Rugby Rovigo Delta
- Full name: Rugby Rovigo Delta S.r.l.
- Union: Italian Rugby Federation
- Founded: 1935; 91 years ago
- Location: Rovigo, Italy
- Ground: Stadio Mario Battaglini (Capacity: 5,500)
- President: Francesco Zambelli
- Coach: Davide Giazzon
- Captain: Facundo Diederich Ferrario
- League: Serie A Élite
| 1st kit | 2nd kit |

Official website
- rugbyrovigodelta.it

= Rugby Rovigo Delta =

Italian rugby union club

Rugby Rovigo Delta, formerly known until 2010 as Rugby Rovigo, is an Italian rugby union club currently competing in the Serie A Élite.

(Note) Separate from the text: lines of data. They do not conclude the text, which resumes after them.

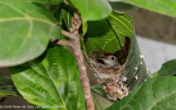 Получившееся строение пусть и весьма крепко, но разбить его возможно. А вот гнёзда краснолобых портних из Поднебесной уничтожить не получится, ведь они защищены грамотным камуфляжем. Ловкими движениями клюва-иглы птахи сшивают несколько листьев с помощью стебельков, соломинок и пучков паутины. В итоге получается незаметный для врагов закуточек, где можно обустроить маленькое и аккуратное гнездо.
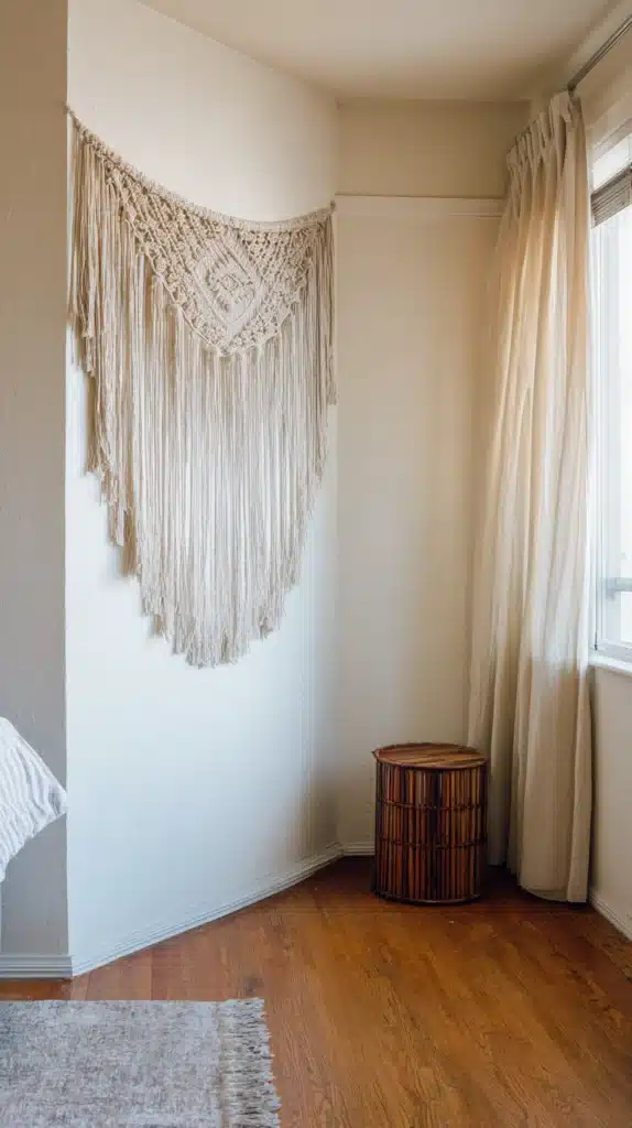 The corner of a room, where two walls meet at a vertical line, creates a natural anchor point for hanging textile art or macramé installations that use the corner’s three-dimensionality rather than simply treating it as a flat surface.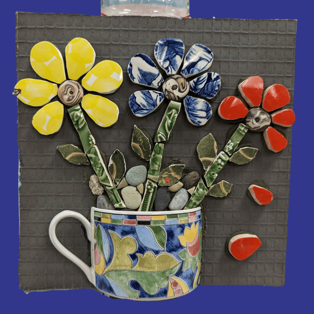 “Pique assiette is magical in that it invites both the artist and the viewer to envision new ideas in common materials,” said Dawn Mendelson. “A broken green plate becomes the leaves on a tree; a chipped vintage teacup holds a bouquet of ceramic flowers. The narrative is shifted from things unwanted to pieces that are celebrated.” The creativity of the artists in April’s workshops reflects this philosophy.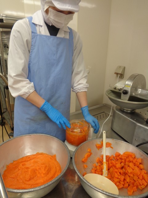魚の紅葉焼き・・・にんじんをすりおろして、マヨネーズと味噌を合わせ、紅葉色のソースを作ります。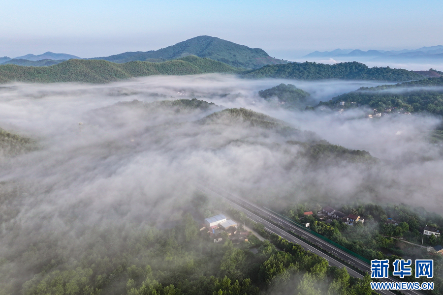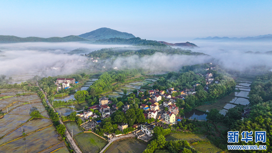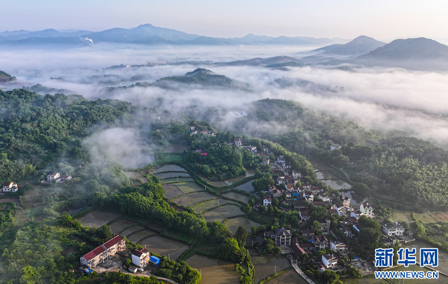 近日,安徽省芜湖市繁昌区繁阳镇范马村上空云雾缭绕,山峦若隐若现,构成了一幅和美乡村的生态画卷。
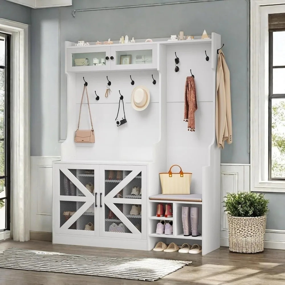 Farmhouse-Inspired Design – Classic rustic style fits perfectly in any entryway or mudroom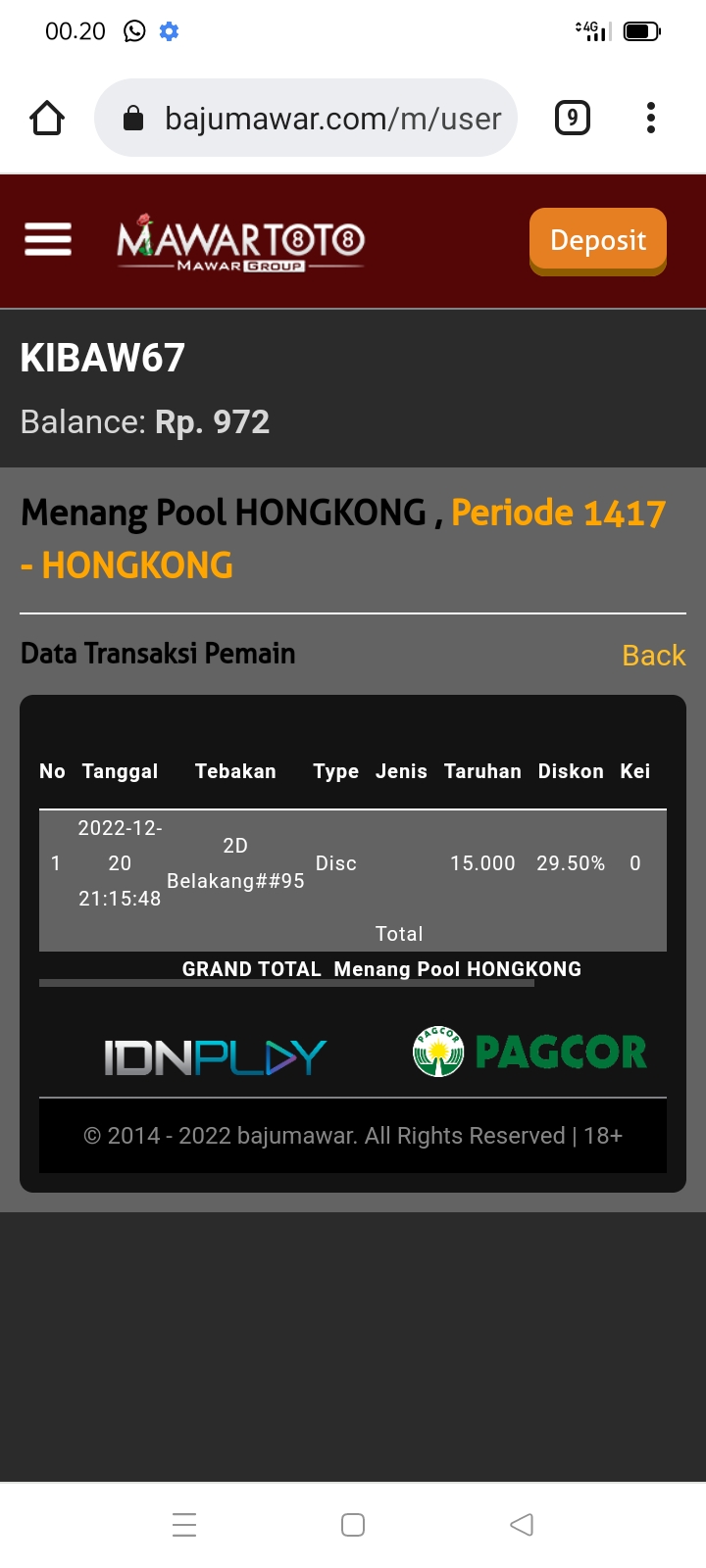 15. Saya bet 20 line Taiwan, setelah reslut, sy JP, sy kembali bet HK 10 line, sisa saldo 4.094.000, Sy WD TDK proses, sy cek histori WD batal saldo deposit awal saya saja di kembalikan 805.800, teman main di situs itu sudah chat invest 20 line TDK masalah, yang saya bingung seluruh kemenangan saya hanya 150.000 ,, ini permainan cs nya atau gimna bos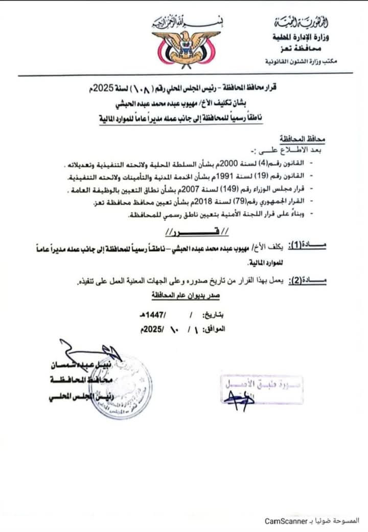 أصدر محافظ محافظة تعز، نبيل شمسان، القرار رقم (108) لسنة 2025م، والذي قضى بـ: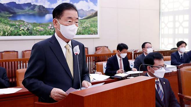 정 장관은 다만, 한미가 종전선언 문안까지 의논하고 있다는 이수혁 주미대사 발언과 관련한 무소속 김홍걸 의원에 질문에는 (한미는) "큰 원칙에 합의했고 형식과 내용을 어떻게 할 지에 대해 협의하고 있다"고 말했습니다.
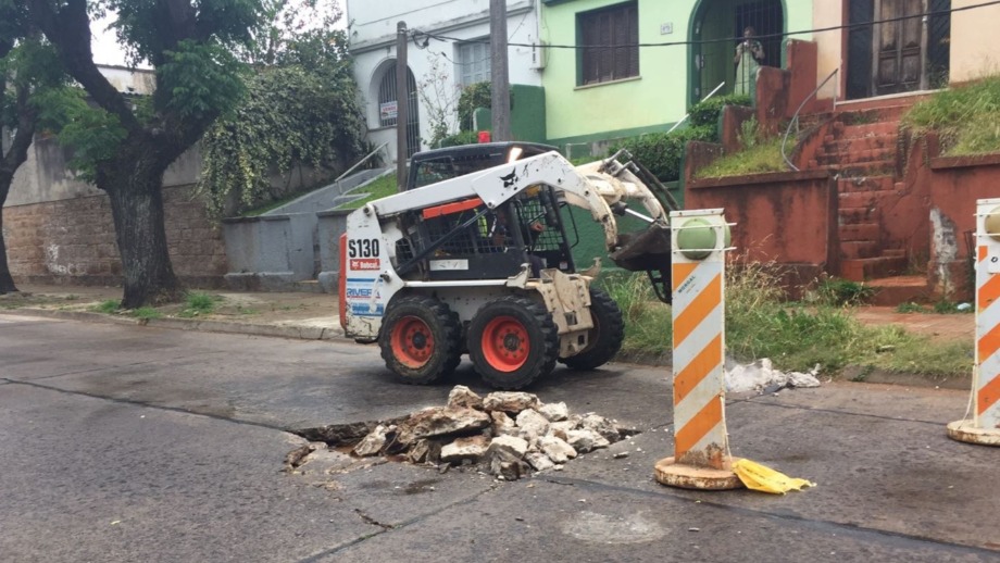 Rondeau esq. Ap. Saravia, Construcción de Drenes y Pluviales. Cuadrilla Mantenimiento y Construcción de Obras Pluviales, Capataz Jorge Bazzi.
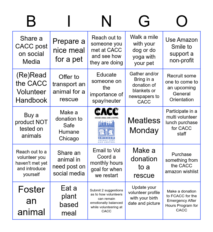 This bingo card has a free space and 24 words: Share an animal in need post on social media, Eat a plant based meal, Educate someone on the importance of spay/neuter, Foster an animal, Use Amazon Smile to support a non-profit, Share a CACC post on social Media, (Re)Read the CACC Volunteer Handbook, Prepare a nice meal for a pet, Meatless Monday, Email to Vol Coord a monthly hours goal for when we restart, Gather and/or Bring in a donation of blankets or newspapers to CACC, Buy a product NOT tested on animals, Make a donation to a rescue, Purchase something from the CACC amazon wishlist, Offer to transport an animal for a rescue, Update your volunteer profile with your birth date and picture, Participate in a multi volunteer lunch purchase for CACC staff, Reach out to someone you met at CACC and see how they are doing, Recruit some one to come to an upcoming General Orientation, Make a donation to Safe Humane Chicago, Make a donation to FCACC for the Emergency After Hours Program for CACC, Reach out to a volunteer you haven't met yet and introduce yourself, Walk a mile with your dog or do yoga with your pet and Submit 2 suggestions as to how volunteers can remain emotionally balanced while volunteering at CACC.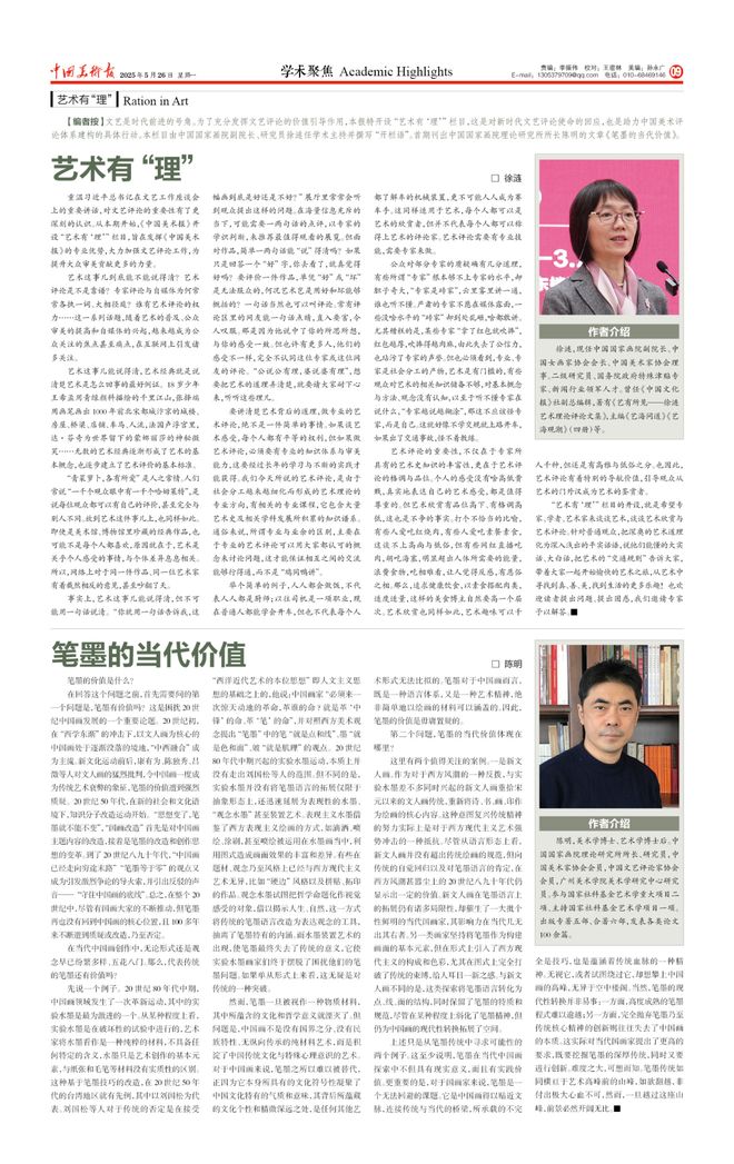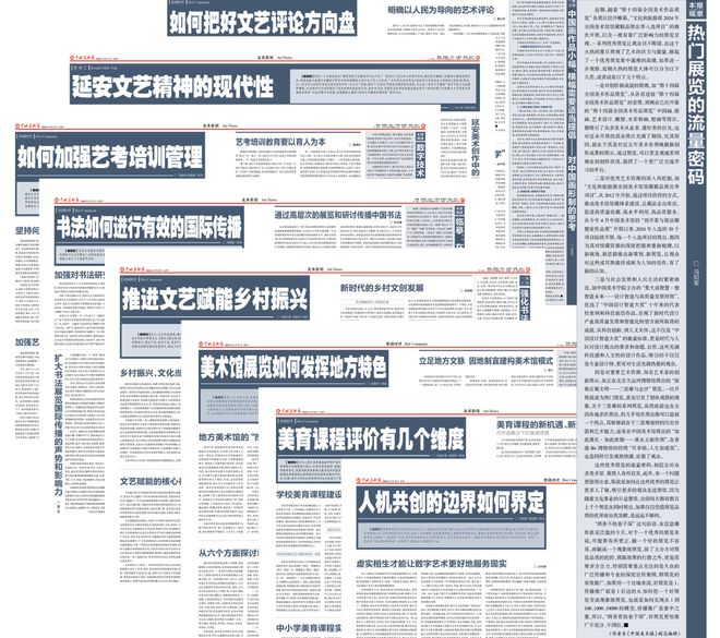 一、把握时代脉搏,彰显责任担当。美育关乎国民素养与创新活力,《中国美术报》连续推出“蔡元培美育理念的当代意义”“审美素养如何评价”“美育学学科建立的前景与困难”等专题,这些讨论为政策制定与教学实践提供了理论支撑,推动美育从“边缘补充”走向“核心素养”。面对AIGC(生成式人工智能)席卷艺术领域,《中国美术报》及时组织“人机共创的边界如何界定”“深度智能时代艺术家会向何处去”等讨论,此类评论既警惕技术乌托邦,又拒绝保守排斥,倡导“虚实相生”的理性路径。为响应国家“文化产业赋能乡村振兴”战略,报纸策划了“新时代的‘艺术乡建’向何处去”“非遗如何走进当代生活”等专题。女性艺术或女性艺术家是一个常谈常新的话题,本报自创刊以来便持续关注女性艺术家的成长与发展,策划了“新时代女性艺术家的处境与创作实践”“与时俱进的女性艺术”“如何理解‘女性艺术’”等专题讨论。在文明互鉴背景下,以“书法如何进行有效的国际传播”“美术在国际文化传播中的价值”等选题探索中国艺术“走出去”的有效路径,强调避免符号化展示,而应通过深层对话传递中华美学精神,使美术成为文明交流的柔性纽带。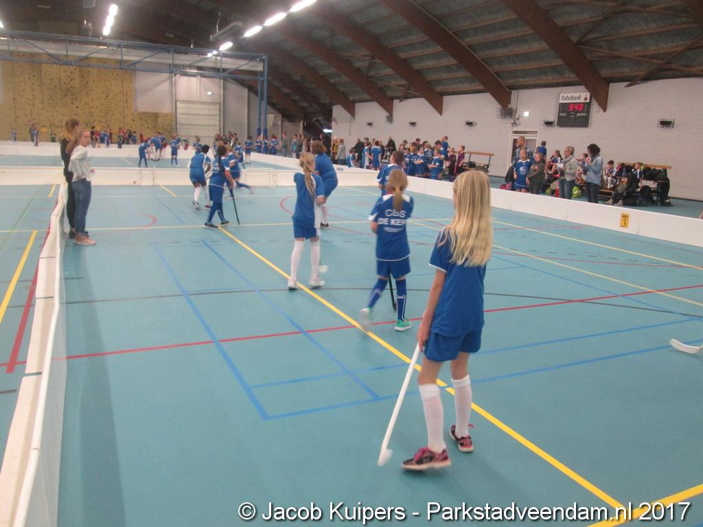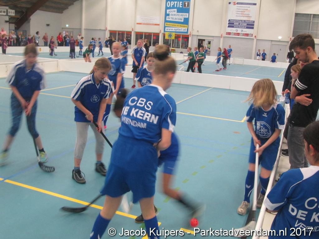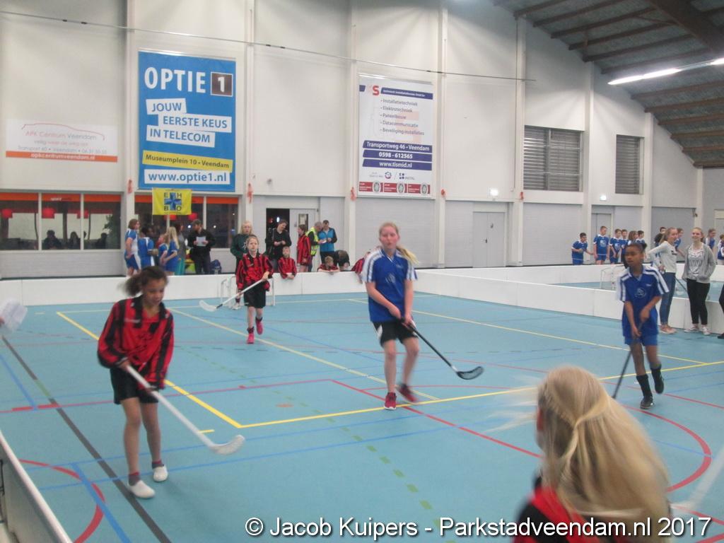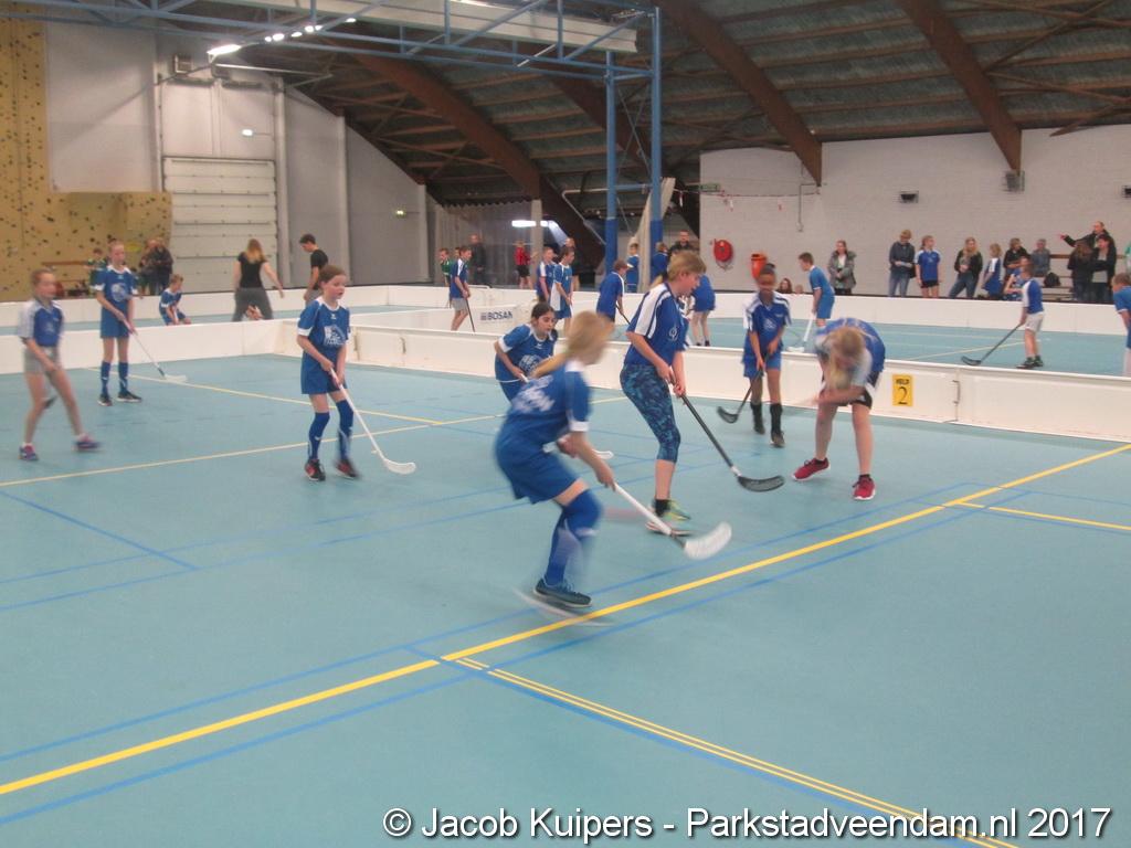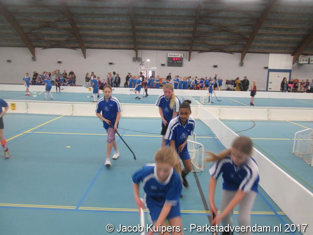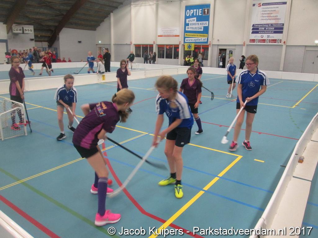 De Sorghvliethal was donderdag 30 maart het strijdtoneel voor de lagere scholen. De lange tribune zat mutje vol en voor de kinderen een mooi 'toneel' om goed gemutst ten strijde te trekken. Het uni-hockey stond op het progamma en het waren allemaal scholieren uit groep 7.

They are based in Rovigo, in Veneto.

== Overview ==
The club was founded in 1935 by medical student Dino Lanzoni, who discovered rugby at university in Padua.

They quickly became one of the strongest Italian sides and won 15 titles between 1951 and 2025. They have never been relegated from the top flight of Italian rugby union. They are the current Italian champion.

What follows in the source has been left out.